23.Had the Plaintiff submitted a program in conformity with the requirements of clause 21.2(b) of the Contract, the approved Contract Program would have contained dates which were reasonably anticipated for access to the Site (after completion of the Combined Logistics Facility), practical completion and other milestones, and there would have been no delay and disruption to the Plaintiff in carrying out the Works under the Contract.
It will be recalled that the chapeau to the defendant's SDCC par 26 makes a direct reference to the circumstances as pleaded in pars 19 to 24 of the SDCC. It refers thereby to the two anterior SDCC paragraphs I have just quoted from concerning an alleged breach of cl 21.2(b) of the Contract - in reference to the plaintiff's as proposed Contract Programme and to the asserted breach in relation to that submitted Programme.
Conclusion
In short, at this interlocutory stage the pleaded defence and counterclaim position articulated under the defendant's SDCC at par 26 does not present as clearly untenable. Matters raised by the defendant concerning the CLF Contract could potentially bear relevantly upon the state of the plaintiff's knowledge of site delays in progress of the works and of the plaintiff's alleged breach - in terms of a preparation and submission to the defendant of a contract programme that was, when submitted, well out of a realistic temporal alignment with the true facts concerning the delayed state of the progression of the works at the airport site at the time and, in particular, as to encountered delays in completing the works under the CLF (to which the defendant was party) producing 'knock‑on', blow‑out delay consequences for other works the subject of the Contract, as the subject of the present action.

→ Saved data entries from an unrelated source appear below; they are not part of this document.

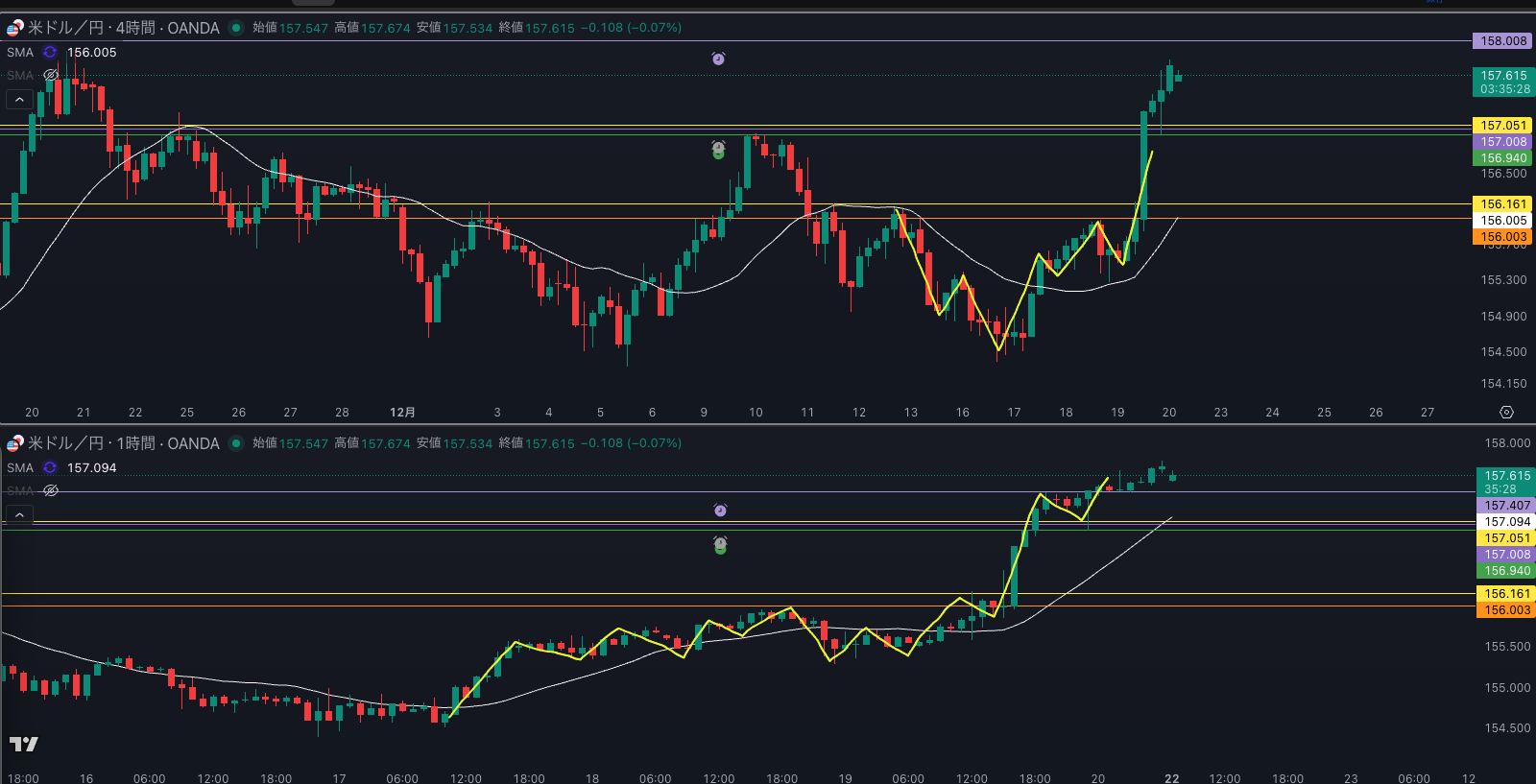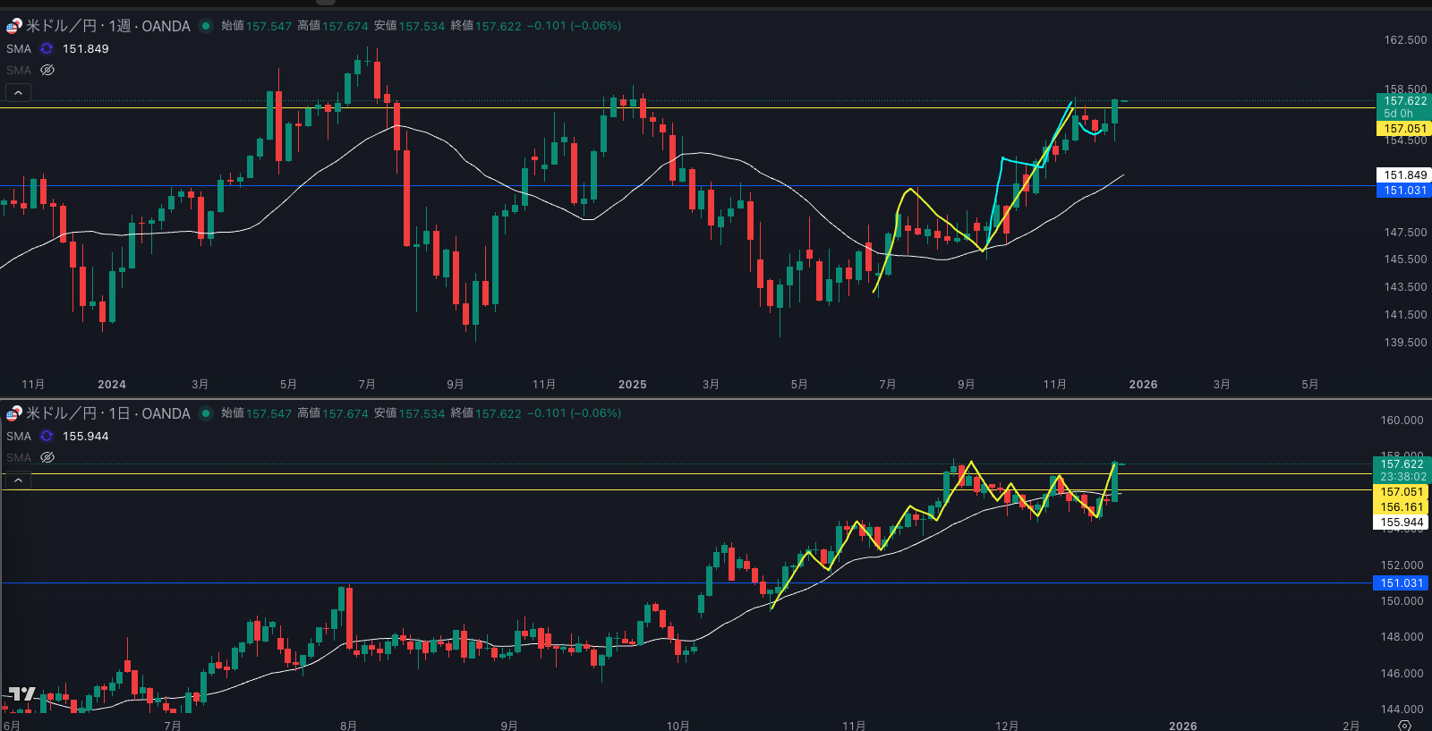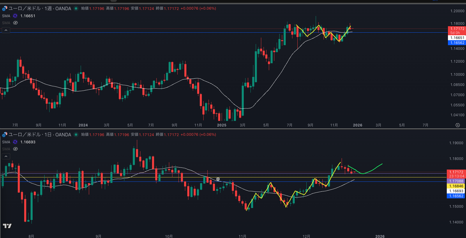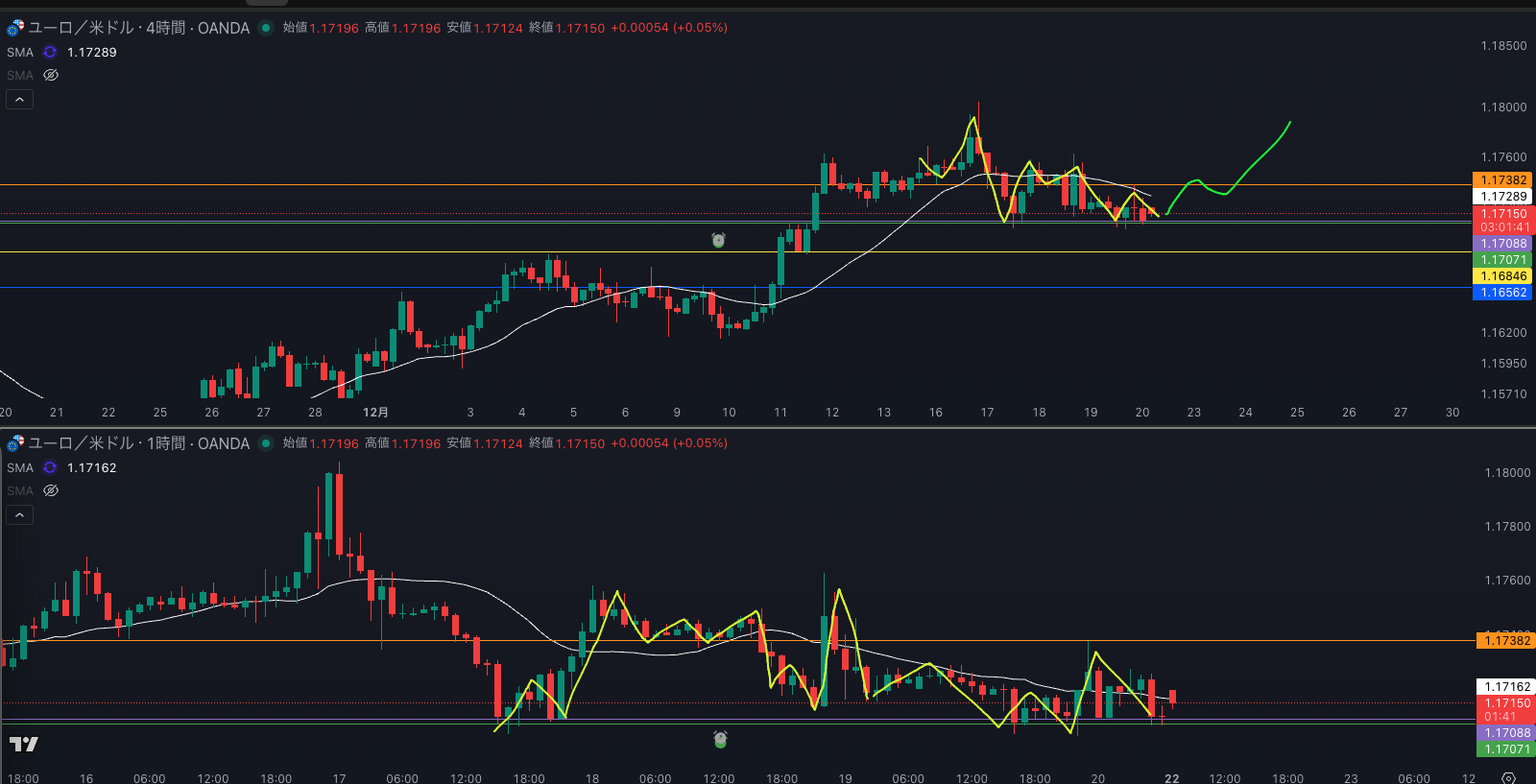 - 日足の確定は1日の終わりなので サポレジを動かさない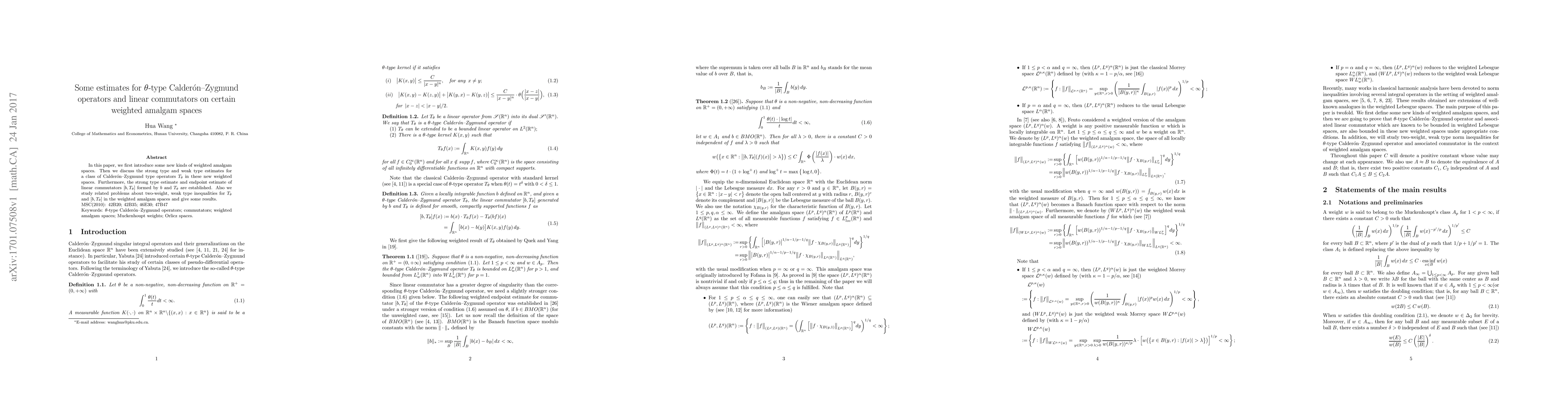 In this paper, we first introduce some new kinds of weighted amalgam spaces. Then we discuss the strong type and weak type estimates for a class of Calder\'on--Zygmund type operators $T_\theta$ in these new weighted spaces. Furthermore, the strong type estimate and endpoint estimate of linear commutators $[b,T_{\theta}]$ formed by $b$ and $T_{\theta}$ are established. Also we study related problems about two-weight, weak type inequalities for $T_{\theta}$ and $[b,T_{\theta}]$ in the weighted amalgam spaces and give some results.
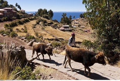 • PERU / Puno / Lake Titicaca / Taquile Island / Quechua man with cattle..© Oliver Bolch / Anzenberger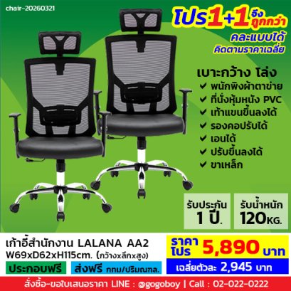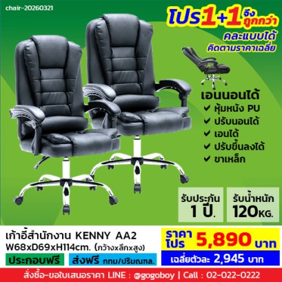 ขนาด W69 x D62 x H99.5 cm. สีดำ เก้าอี้ทำงานราคารวมVAT7%
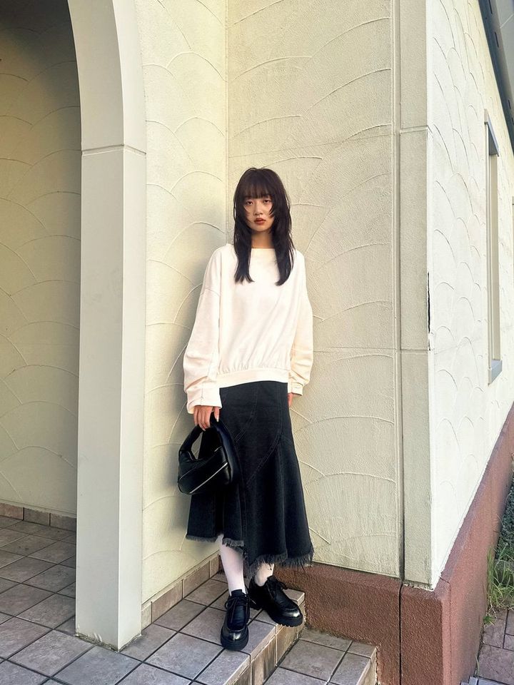 スウェット¥8,998、デニムスカート¥15,180、ソックス¥3,300、シューズ¥15,180 、バッグ¥7,700/以上すべてマウジー(バロックジャパンリミテッド)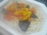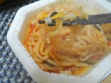 2013年春の新商品「うどんDELI」を、テーブルマーク株式会社さんより チャンプル仕立てと完熟トマト仕立ての2種類です まずは、完熟トマト仕立てから 外袋のまま加熱しますが、切り込み線があるので、3センチ程ハサミで切ります 加熱時間は600Wで5分半… 2013/03/23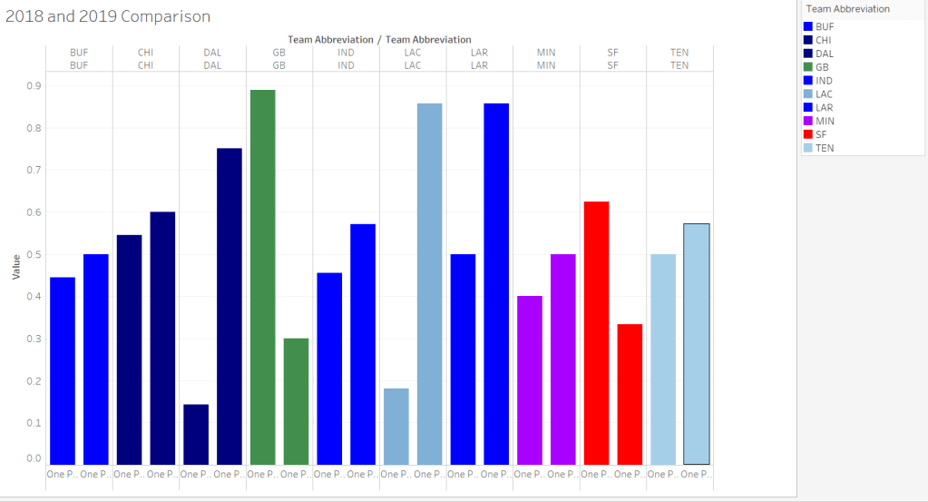The 2019 win percentage in one-possession games is on the left, with the 2018 win percentage on the right. The clear thing to see is the stark difference in one-possession performances; for example, the Los Angeles Chargers, Dallas Cowboys, and Los Angeles Rams all witnessed a steep drop in their performance in that metric (and subsequently all missed the postseason), while Green Bay and San Francisco saw a huge rise, two teams that clinched a playoff berth. While this is not perfect (Buffalo, Minnesota, and Tennessee all performed worse in one possession games last season, yet made the playoffs), every single team who made the playoffs in 2018, yet missed the postseason in 2019, performed worse in one-possession games.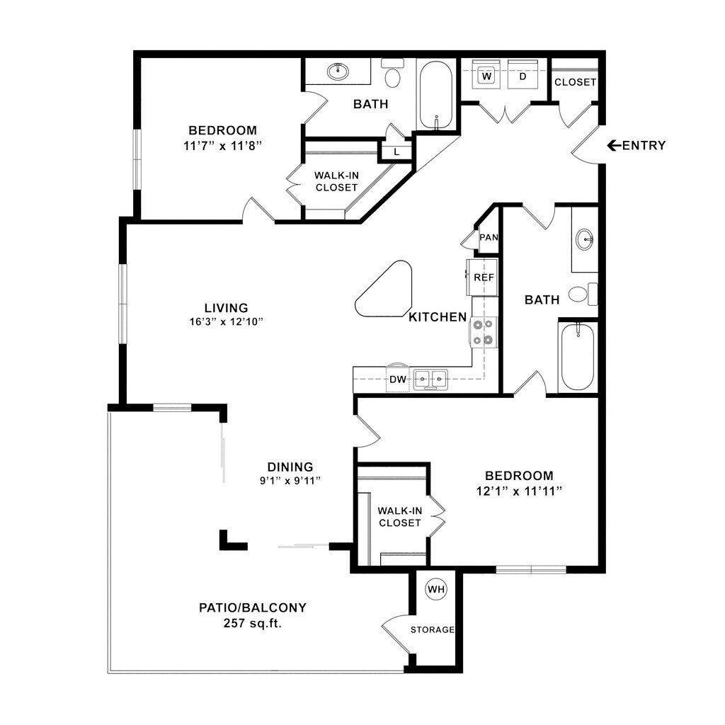 1 Bed 1 Bath 780 SqFt (654 Net) - Floorplan 2 ![]()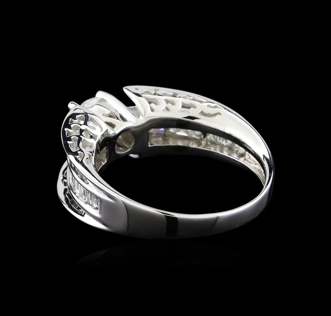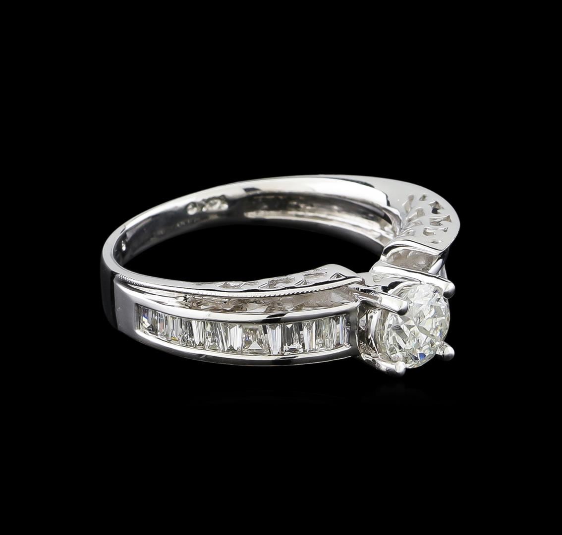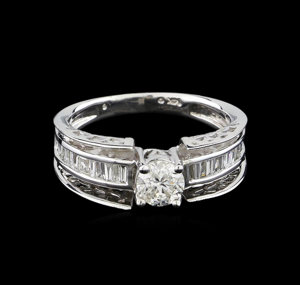 One electronically tested 14KT white gold ladies combination cast & assembled engagement ring with a flat shank with a bright polish finish. Identified with markings of "14K". Condition is new. Containing: One prong set round brilliant cut diamond, measuring 5.63 - 5.62 x 3.38mm (depth est.) approximate weight of 0.65ct. Clarity: I-2. Color: I, Cut is Good. Twenty-Eight channel set baguette cut diamonds, measuring 2.00 x 1.50 x 1.28mm (depth est.) approximate total weight of 28 Stones = 1.56ct. Clarity: SI-1 to I-1. Color: I - J, Cut is Good. All diamonds are graded in the mounting, unless otherwise stated. Total Weight of Diamonds 2.21ct. Total Weight of Ring 4.90 grams. GGL Appraised at $6,995.00.
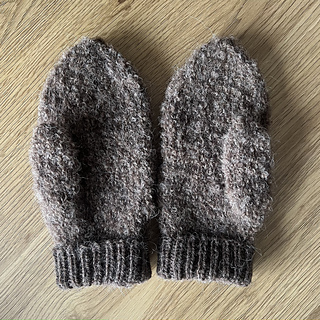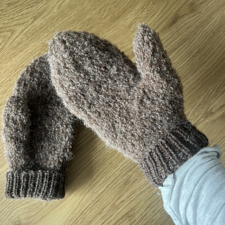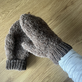 The mittens feature a classic cuff in 1×1 rib, followed by a smooth stockinette hand section that highlights the boucle’s texture. The thumb stitches are placed on hold and worked afterward, ensuring a simple, continuous construction with minimal finishing.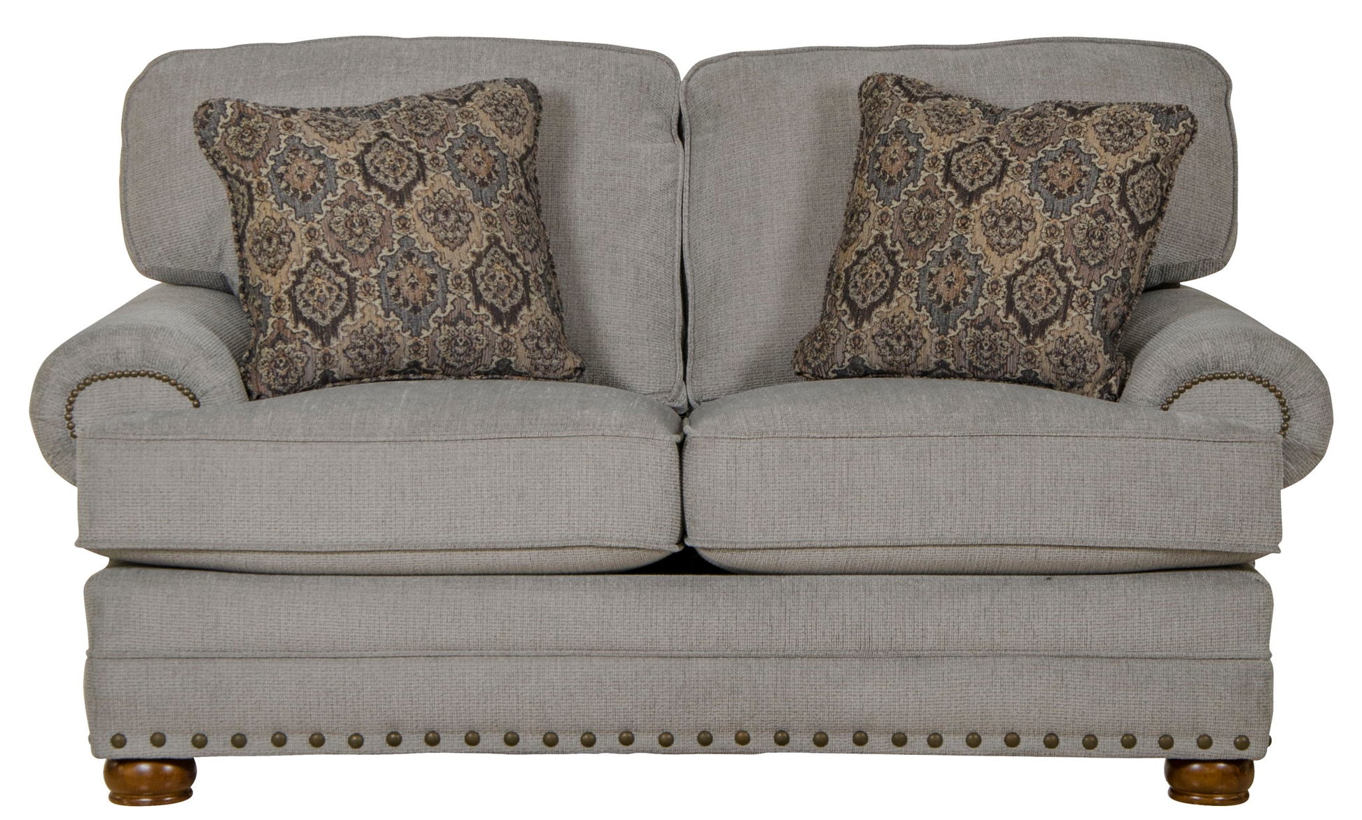 SINGLETARY is a Classic Traditional design in a soft chenille with turned wooden leg and decorative nail accent details.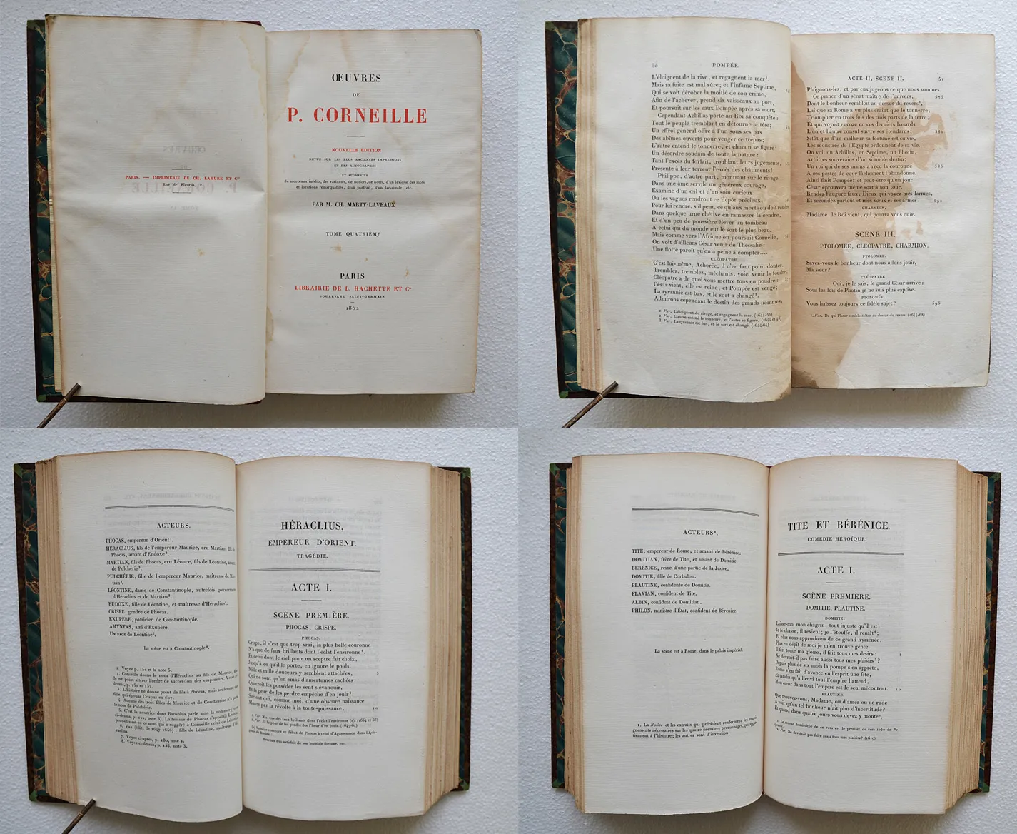 Accrocs sur trois coiffes ; des épidermures, notamment sur les charnières de l’album ; petite fente, sans gravité, sur plusieurs mors ; traces de mouillures dans le texte et taches brunes sur 5 feuillets dans le T4, cf. deux photos ; rousseurs éparses ; décoloration sur les dos (ancienne trace d’étiquette de bibliothèque).

I reiterate that I am not rendering final conclusions about those foreshadowed arguments of the defendant. But at this early stage it is sufficient for me to say that the defendant has raised what I assess to be a respectably arguable basis to support the relevance of its SDCC par 26 plea.
In those circumstances, a summary excision of the plea under par 26 of the SDCC would be inappropriate.
Consequently, the plaintiff's strike out application must fail as a matter of merit.
Given my substantive evaluation as to the lack of merit in the strike out application as proposed, there can be no leave granted for an unmeritorious strike out application to be brought out of time by the plaintiff.
In consequence then, prima facie, the following orders seem appropriate:
(a)the plaintiff's application for leave to bring a strike out application to be advanced under its chamber summons of 7 December 2017 is dismissed.
(b)the plaintiff should pay the defendant's costs of the present application in the circumstances to be taxed; and
(c)limits otherwise applicable for a taxation of costs on an interlocutory application in chambers should be removed for the purposes of any such taxation given the complexities of the present application and a proper participation of senior counsel on each side of the argument - reflecting both the inherent importance of the application and its tactical significance within the overall litigation.
If necessary, I will hear the parties on the papers should there be any dispute over these dispositive orders once these reasons have been published to the parties.